Skip Django, Flask, asyncio, and most of the standard library. They are for software engineers, not analysts. The exception is requests and json for hitting REST APIs — useful at Mid level and up.

If you want to drill Python and SQL interview problems daily, naildd is launching with hundreds of analyst-grade tasks built around exactly this stack.

FAQ

Does a Junior analyst really need Python?

Strictly speaking, no — many Junior roles at mid-size companies are SQL-only, and Excel/Sheets fills the gap for everything else. Practically, knowing even basic Pandas (read_csv, groupby, merge) is a tie-breaker on most US screens and a near-requirement at any company larger than Series B. Plan to ship one Pandas-driven analysis to your portfolio before the job search — it pays off in callbacks.

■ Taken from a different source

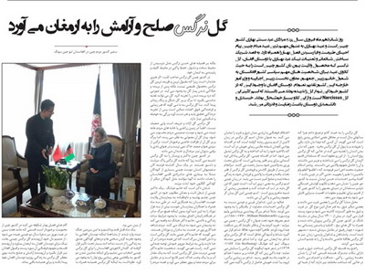 2018年2月12日,阿富汗达里语主流媒体《每日瞭望报》刊登了驻阿富汗大使刘劲松的署名文章《愿水仙花带给大家宁静与和平》,中文原文如下:
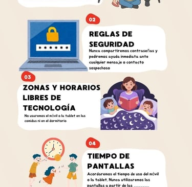 Es un documento visual que establece normas y compromisos consensuados entre adultos y menores. A diferencia de la Mediación Restrictiva —que se limita a prohibir y controlar externamente—, la mediación activa busca generar pensamiento crítico y autorregulación Se trata de una "herramienta viva" que debe adaptarse al crecimiento del menor. Para que sea efectiva, debe ser visualmente atractiva y estar redactada en un lenguaje sencillo, permitiendo que incluso los más pequeños comprendan que navegar por Internet requiere de una guía ética y práctica.

Which matters more, SQL or Python?

SQL, by a wide margin. It shows up in ~95% of data analyst interviews and 100% of day-one work; Python shows up in 40-60% of interviews and grows with seniority. If your study time is limited, get to a confident SQL level (window functions, CTEs, optimization basics) before adding Python. Trying to learn both at a beginner level in parallel is the slowest path to either.

How long does it take to learn Python for analytics?

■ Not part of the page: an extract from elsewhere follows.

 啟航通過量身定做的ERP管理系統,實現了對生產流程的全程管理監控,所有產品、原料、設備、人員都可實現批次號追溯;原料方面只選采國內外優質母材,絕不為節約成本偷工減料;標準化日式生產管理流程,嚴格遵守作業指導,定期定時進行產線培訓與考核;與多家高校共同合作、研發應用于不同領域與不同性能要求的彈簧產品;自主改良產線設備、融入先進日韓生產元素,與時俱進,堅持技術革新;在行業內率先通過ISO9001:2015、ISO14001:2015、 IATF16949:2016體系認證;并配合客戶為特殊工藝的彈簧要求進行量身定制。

Three to four focused weeks at 1-2 hours per day gets you to interview-ready for Mid-level. Budget split: 70% Pandas, 20% visualization and stats, 10% core Python syntax. Trying to cover "all of Python" is a trap — analysts need a narrow, deep stack, not breadth.

Jupyter, VS Code, or PyCharm?

Jupyter (or JupyterLab) for exploratory analysis — it is the industry default and what hiring managers expect to see in portfolio notebooks. VS Code for any reusable script, ETL, or anything that will be checked into git. PyCharm is fine but heavy for analyst work; most teams have standardized on VS Code in 2026.

Do I need to learn scikit-learn?

Only at Senior level, and even then only the basics (LogisticRegression, train_test_split, cross_val_score). The line between Senior analyst and Junior data scientist is thin, and a baseline classifier with proper validation is the most common ML task analysts get asked to ship. If you are aiming for a pure analyst track, scikit-learn is genuinely optional below Senior.

Is Polars worth learning instead of Pandas?

Not yet, for interviews. Polars is faster and has a cleaner API, but Pandas is what most teams use and what screens test against. Learn Pandas first, then pick up Polars when you hit a real performance wall — the Polars vs Pandas comparison covers when the switch is worth it.